HIGH cache poisoningadonisjscockroachdb

Cache Poisoning in Adonisjs with Cockroachdb

Cache Poisoning in Adonisjs with Cockroachdb — how this specific combination creates or exposes the vulnerability

Cache poisoning in the Adonisjs + Cockroachdb context occurs when an attacker influences cached data so that subsequent reads return incorrect or malicious results. This typically arises when cache keys are derived from unvalidated or attacker-controlled inputs and the underlying datastore is used to materialize cached entries. Because Cockroachdb is a distributed SQL database that Adonisjs applications often use for strong consistency and transactional workloads, queries that are cached without strict input validation can propagate tainted results across nodes and requests.

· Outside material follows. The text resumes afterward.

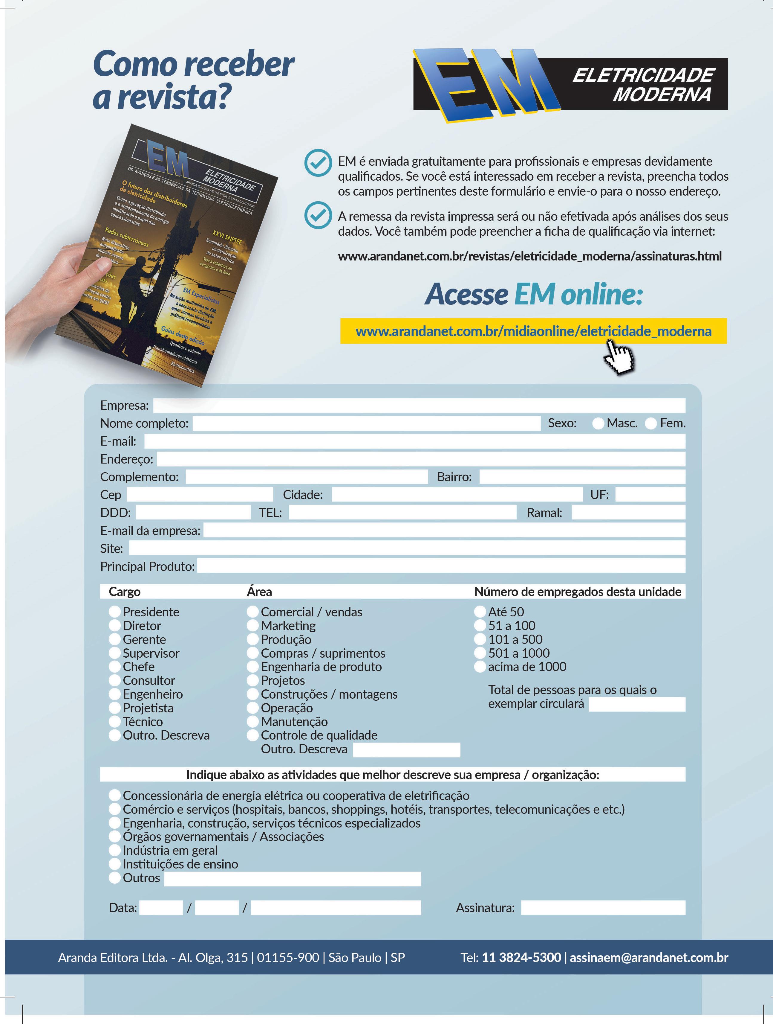 ELETRICIDADE MODERNA , revista brasileira de eletricidade e eletrônica, é uma publicação mensal da Aranda Editora Técnica e Cultural Ltda. Redação, publicidade, administração e correspondência: Alameda Olga, 315; 01155-900 São Paulo, SP - Brasil. TEL. + 55 (11) 3824-5300 em@arandaeditora.com.br | www.arandaeditora.com.br

Consider an endpoint that caches user profile data keyed by a user-supplied profileId. If the application uses this value directly to build a cache key (e.g., profile:${profileId}) and then issues a Cockroachdb query such as SELECT * FROM profiles WHERE id = $1, an attacker can supply crafted IDs to force cache entries that reference unintended rows or store malicious metadata. If the cache layer does not enforce strict schema-aware normalization, the poisoned entry may be served to other users who happen to hit the same cache key space, especially when cache namespaces are not properly isolated.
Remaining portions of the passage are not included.